Look Across Disciplines. The University of Cambridge’s Laboratory of Molecular Biology has produced many leaders in the field of biology, with a dozen Nobel Prize winners including DNA pioneers James Watson and Francis Crick. Part of the genius of its original thinking was that the lab “welcomed researchers who wandered across disciplines and then encouraged them to interact closely.” This interdisciplinary reach and collaboration has made the laboratory a center for a series of key advances—from identifying the structure of myoglobin and other proteins to developing a method for making monoclonal antibodies.

 

Similarly the legendary medical treatment of the Mayo Clinic is based upon the insights of teams of physicians, facilitated by a culture, an incentive system and interactive technology that support collaboration.
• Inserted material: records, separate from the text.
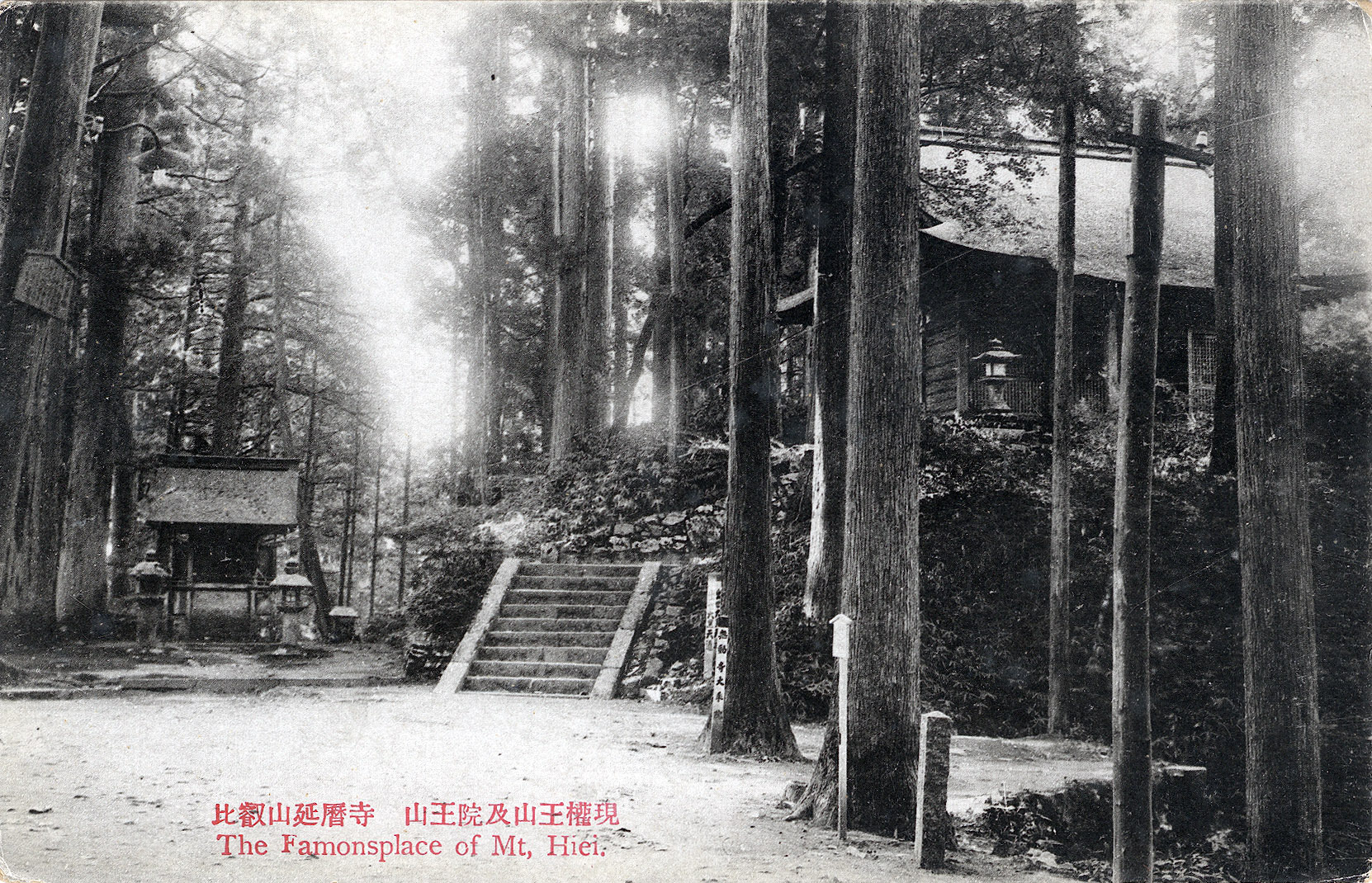 “The Famous Place of Mt. Hiei”, Enryakuji, Kyoto, c. 1930. Enryakuji was the ‘mother’ temple of the monastery founded by Saicho (767-822) during the early Heian period (794–1185), introducing the Tendai sect of Mahayana Buddhism to Japan from China.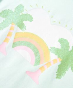 Dit kindershirt heeft korte mouwen, een ronde halslijn en een recht model. Op dit kindershirt staan een regenboog en palmbomen afgebeeld. Het kindershirt met korte mouwen is gemaakt van 95% katoen en 5% elastaan, waardoor het comfortabel en ademend is.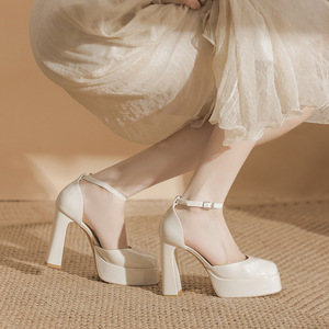 8062高跟鞋2025年新款粗跟防水台女鞋一字扣带中空凉鞋女单鞋

The organization pulls together the expertise it needs from various perspectives and clinic sites to address a patient’s specific problems.

 

Part of your own familiar territory is your education and training, and you can make new discoveries when you cross these borders. Education and training create communities that have an approved way of seeing and understanding the world. This shared view makes it easier for community members to work together. Doctors have a common mindset and language that facilitates working with others within their professions.

 

Medical doctors and chiropractors, on the other hand, live in separate universes. They often don’t have this common education and training, so they inhabit separate, and often mutually exclusive, worlds.

 

A student of physics or medicine will approach the world in a very different way than a student in the philosophy department. How often will these two be found conversing with each other? Eventually, in fact, they may lose the common language they need to communicate at all. As the two students pursue doctoral degrees, they may become so immersed and concentrated in their respective disciplines that they actually inhabit separate worlds. One of the perils of specialization is this isolation.

 

Some of the advances in physics or medicine, however, have a direct impact on philosophy, and vice versa. For example, researchers are using magnetic resonance imaging (MRI) and other scientific tools to assess brain activity while addressing ethical dilemmas that have long been a concern of philosophy. With genetic research and other innovations, many of the breakthroughs in biology depend upon computer science or engineering. Biology has been transformed in the process. Its approach, once very “soft” and qualitative, has become much more “hard” and quantitative. But these types of connections will only be recognized if the students have access to one another’s worlds.

 

While business schools have historically been organized based on academic disciplines (such as management, marketing, finance, etc.), management problems cut across disciplines. The Wharton School has reshaped its MBA program to create a much deeper interdisciplinary approach. Today’s students are empowered to develop more creative solutions to problems by looking at the same challenges from multiple perspectives.

 

A lot of the progress in different fields is at the intersection of other disciplines. How can you cross the boundaries of your education or practice to see the perspectives from other parts of your organization or other disciplines?